On June 19, 2014, in the case of Alice Corp. v. CLS Bank International, the US Supreme Court unanimously affirmed the holding of the Federal Circuit Court finding that patent claims drawn to an abstract idea are not patentable under 35 USC Sec. 101. Section 101 of the Patent Code defines what is patentable and states that “whoever invents or discovers any new and useful process, machine, manufacture, or composition of matter, or any new and useful improvement thereof, may obtain a patent therefor.”. However, earlier Supreme Court decisions have established that there are exceptions to Sec. 101 and its listing of what is patentable, and the following exceptions are specifically not patentable: laws of nature, natural phenomena and abstract ideas. The Supreme Court concluded that the abstract business method claims in Alice are not patentable. However, there’s more to the Court’s analysis than merely concluding the business method claims of Alice Corp. are abstract ideas.

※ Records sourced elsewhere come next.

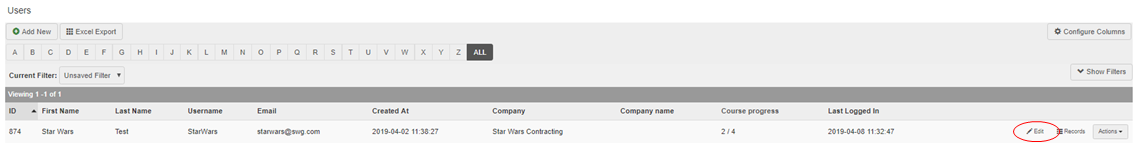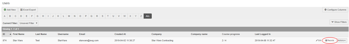 User course records can be viewed from the Records page as well as directly from the user account in the User page.
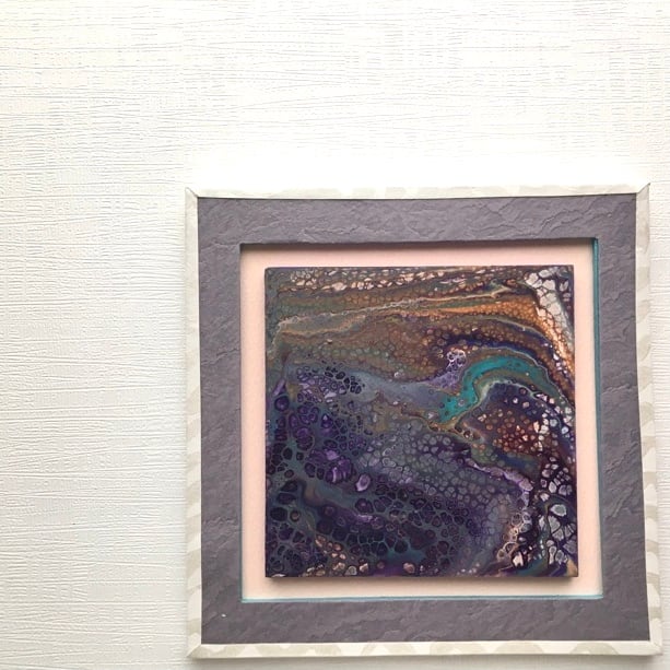 フルイドアート作品本体はMDFにアクリル絵具で描いています。
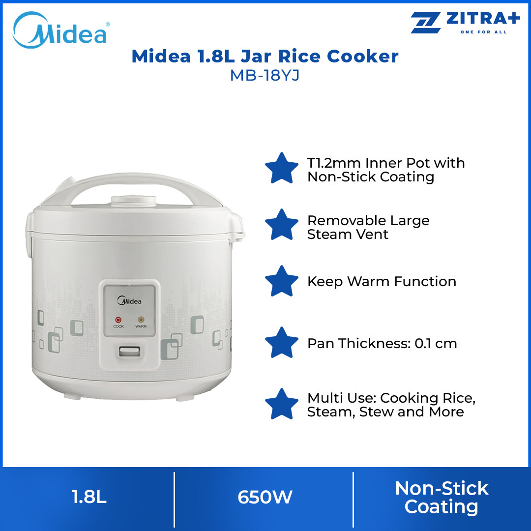 Midea 1.8L Jar Rice Cooker MB-18YJ | T1.2mm Inner Pot with Non-Stick Coating | Removable Large Steam Vent | Rice Cooker with 1 Year Warranty
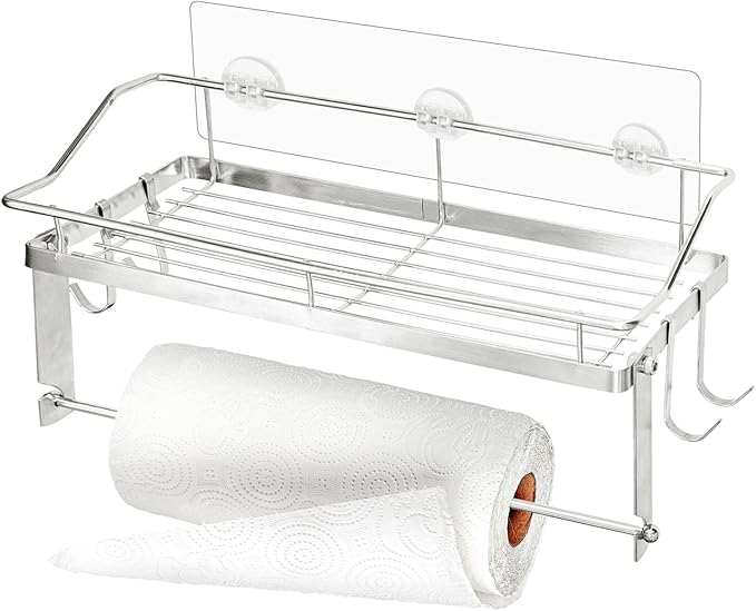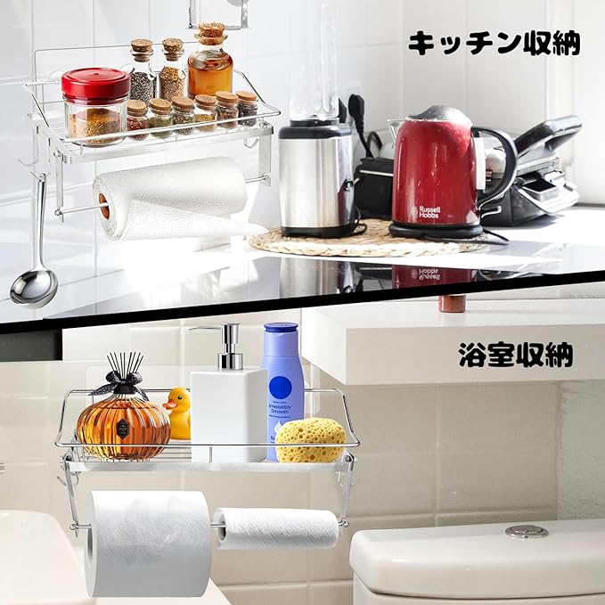 Socpuro 浴室用ラック 壁掛け タオル ペーパーハンガー付き ステンレス 強力粘着式 耐荷重5㎏ 洗面所収納ラック 穴あけ不要 フック4枚&タオルバー付 お風呂 収納ラック 洗面所 バスルーム キッチン収納 調味料ラック 水切りラック

In applying the Sec. 101 “abstract ideas” exception to patentability, the Supreme Court must distinguish between abstract idea claims that are merely the “building blocks” of human ingenuity, and are ineligible for patent protection, from abstract idea claims that integrate the building blocks of human ingenuity into something more, thereby transforming such ideas into patent-eligible inventions.
So, to determine the patentability of a business method patent claim, the Court applies a two-part test. The Court first determines whether the claims at issue are directed to a patent ineligible abstract idea, and if the claims are found to encompass such an abstract idea, the Court then determines whether the patent claims’ elements of that abstract idea transform the nature of the claim into something more, i.e., a patent eligible claim.
The patent claims at issue in Alice Corp. v. CLS Bank are directed to a patent-ineligible concept: the abstract idea of intermediated settlement, i.e., the use of a third party intermediary, e.g. a clearing house, to mitigate settlement risk, a fundamental economic practice prevalent in our system of commerce . Thus, intermediated settlement is an “abstract idea” beyond the scope of Sec. 101 (and not patentable).
With regard to the second step in the two-part analysis, the Court finds that the method claims in Alice Corp. merely require (recite) generic computer implementation and therefore fail to transform the abstract idea of intermediated settlement into a patent-eligible invention.
The Court went on to elaborate that simply appending conventional computer implemented steps to a method already well known in the art is not enough to supply the inventiveness necessary to transform the abstract idea into a patent-eligible invention.
So, for the benefit of the prospective client, the executive summary of the Court’s opinion in Alice Corp. is that “computerization” of a tried and true business practice is unlikely to result in a patentable claim.